A carbohydrate is a class of organic compounds. There are two types of carbohydrates: simple carbohydrates and complex carbohydrates.
Simple carbohydrates include glucose, fructose, and galactose which in turn can form sucrose, lactose, or maltose. Complex carbohydrates include starch, glycogen as well as fiber.
What are carbohydrates?
Carbohydrates are molecules composed mainly of carbon, hydrogen and oxygen atoms.
The term glucid comes from the word glyκýs or glukús which means sweet.
The main role of carbohydrates is to provide energy. This is obtained when the body transforms them into glucose. In excess, carbohydrates can also be converted to triglycerides or body fat.
Types of carbohydrates
Structurally, all types of carbohydrates are made up of similar elemental units called saccharides.
However, carbohydrates can be found in several food groups:
- Sugars: they’re short chain carbohydrates that contain one or two saccharides. Also known as monosaccharides or disaccharides, they are sweet and are quickly absorbed by the body. Some examples are glucose, galactose, sucrose, and fructose.
- Starches: they’re long chains of glucose molecules. They are usually found in vegetables and cereals. They are generally digested slowly by the body.
- Fiber: it is a particular type of carbohydrate, it cannot be digested for energy, so it does not provide calories. However, its consumption may have benefits for the intestinal flora.
- Sugar alcohols: due to their structure, they also fall into the category of carbohydrates, they are sweet but low in calories.
Are carbohydrates essential?
More and more people are reducing carbohydrates in their diet and claim that they are not an essential nutrient.
While this is technically true, as the body can function without carbohydrates. The fact that carbohydrates are not essential nutrients does not mean that they cannot be beneficial.
In fact, many carbohydrate foods are incredibly healthy. Vegetables and fruits are good examples of these foods that are accompanied by essential nutrients for the body.
According to May Clinic, a person should eat up to 225-325 grams of carbohydrates per day to keep their body in optimal health (1).
Bad carbohydrates or refined carbs
Refined carbohydrates are those that have had much of their essential nutrients and vegetable fiber content removed, and count as empty calories.
Examples of these foods are refined sugars and flours.
Several studies affirm that the consumption of refined carbohydrates is associated with health problems such as obesity and type 2 diabetes.

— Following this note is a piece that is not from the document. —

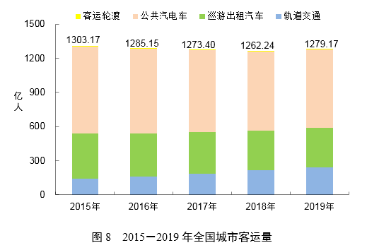 全年完成城市客運量1279.17億人,比上年增長1.3%。其中,公共汽電車完成客運量691.76億人,下降0.8%,其中BRT完成客運量17.47億人,完成公共汽電車運營里程354.13億公里,增長2.3%;軌道交通完成客運量238.78億人,增長12.2%,完成運營車公里41.43億車公里,增長17.5%;巡游出租汽車完成客運量347.89億人,下降1.1%;客運輪渡完成客運量0.73億人,下降9.0%。

Therefore, if you want to stay healthy, you should avoid this type of carbohydrate. (2.3)
Also, refined carbohydrate foods generally lack essential nutrients. In other words, they are “empty” calories.
How to choose good quality carbohydrates?
As a general rule, carbohydrates that are found in their natural form are of better quality, while those that have gone through several processes are not.
If it is a whole food, it is likely to be a healthy food, regardless of the carbohydrate content it has.
Excess sugar-type carbohydrates is not recommended, not only because they can cause weight gain and obesity, but also because of their oxidative activity. Diets high in glucose accelerate cellular aging.
Of course, in nutrition it is not only about eating carbohydrates, but about achieving a balance with the rest of the macronutrients.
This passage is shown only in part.